Your AI-built app works in the builder but breaks on deploy with a Supabase "permission denied" error. Here is why, and how to fix it.
You built an app in Lovable, Bolt, v0, or Cursor. It worked perfectly in the preview. You deployed it, opened the live URL, and now half the screen is empty or you see something like:
permission denied for table profiles
code: 42501
or your data loads as null and the console shows getUser() returned nothing. The frustrating part is that nothing changed in your code between the working preview and the broken deploy. So what happened?

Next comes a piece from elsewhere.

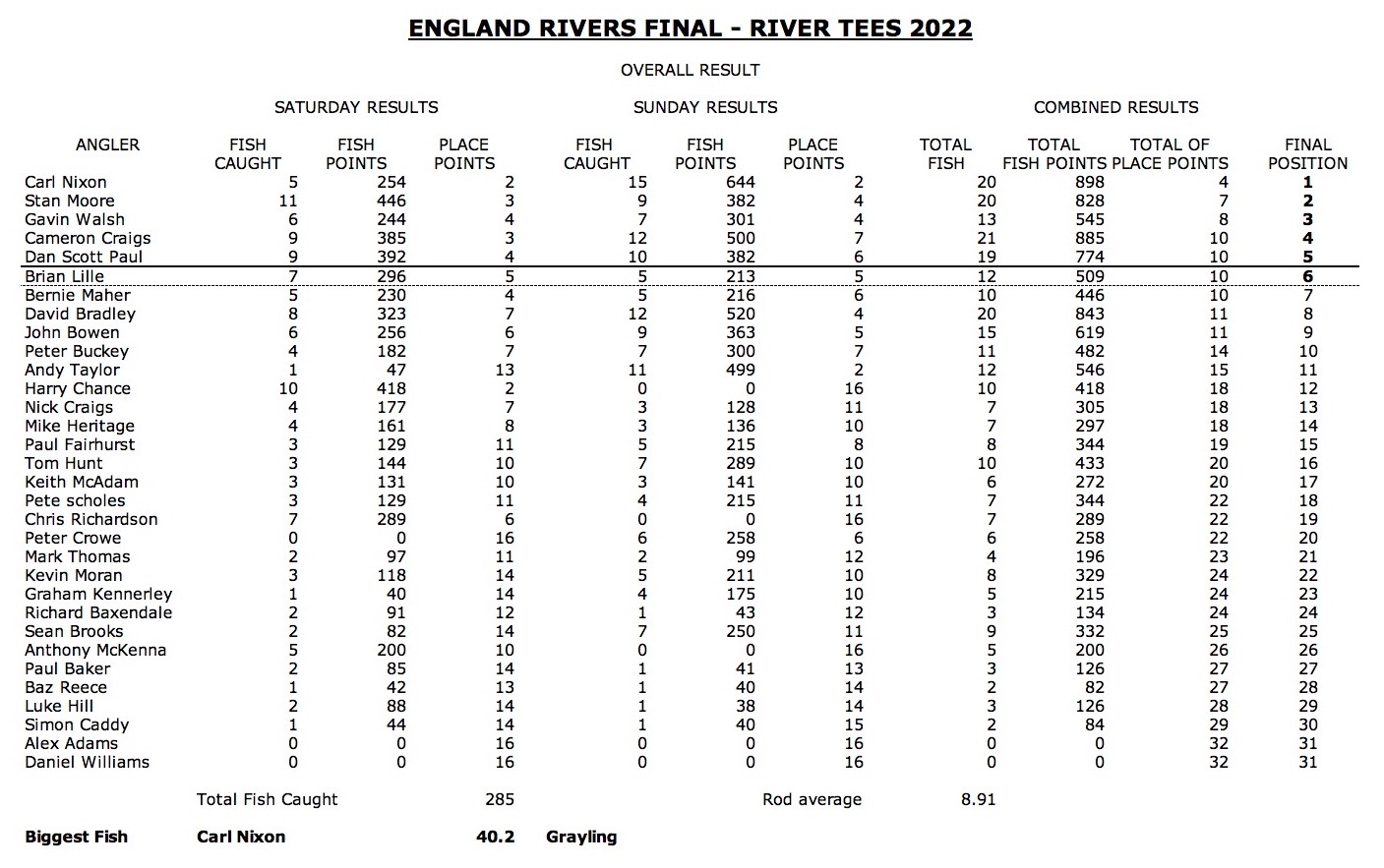 - Carl Nixon 20 Fish Caught 898 Fish Points 4 Place Points

Why this happens in almost every AI-built app
This is one of the most common failures we see, and it is not random. AI app builders generate a working front end fast, but they often leave the security boundary between your app and your database half finished. Two things are usually true at once:
- Row Level Security (RLS) is on. Supabase enables RLS so a table can only be read or written by the right user. That is correct and you want it. Your policy probably says something like "a row is visible when
auth.uid() = user_id". - The request reaching Supabase in production is anonymous. In the builder preview, the request often carried your session, or ran with elevated access, so RLS let it through. In the real deploy, the server is calling Supabase without the logged-in user's identity attached. So
auth.uid()isnull, the policy does not match, and Supabase correctly refuses with42501 permission denied.
In plain terms: your security rules are working, but your app is knocking on the door without showing its ID.
How to confirm this is your problem
Before changing anything, keep the exact error text. Then check, in order:
- Is RLS enabled on the failing table? In Supabase, open the table and look at its policies. If RLS is on and there is no policy that matches your query, every read or write fails.
- Is the request authenticated on the server? Add a log on the server route that runs the query and print whether it has a user. If it prints
nulloranonymous, that is the cause. - Do your environment variables point at the same Supabase project that failed? A deploy pointed at the wrong project, or missing
SUPABASE_URLand the anon key, produces the same symptom. - Do your auth redirect URLs include the live domain? In Supabase Auth settings, the site URL and redirect allow-list must include your production domain, not just
localhost.
The fix
The real fix is to make the request carry the user's identity, so auth.uid() is populated when RLS checks it. In a Next.js and Supabase app that usually means:
- Use a request-scoped server client that reads the auth cookie, instead of a plain anonymous client, on any server route or action that touches a protected table.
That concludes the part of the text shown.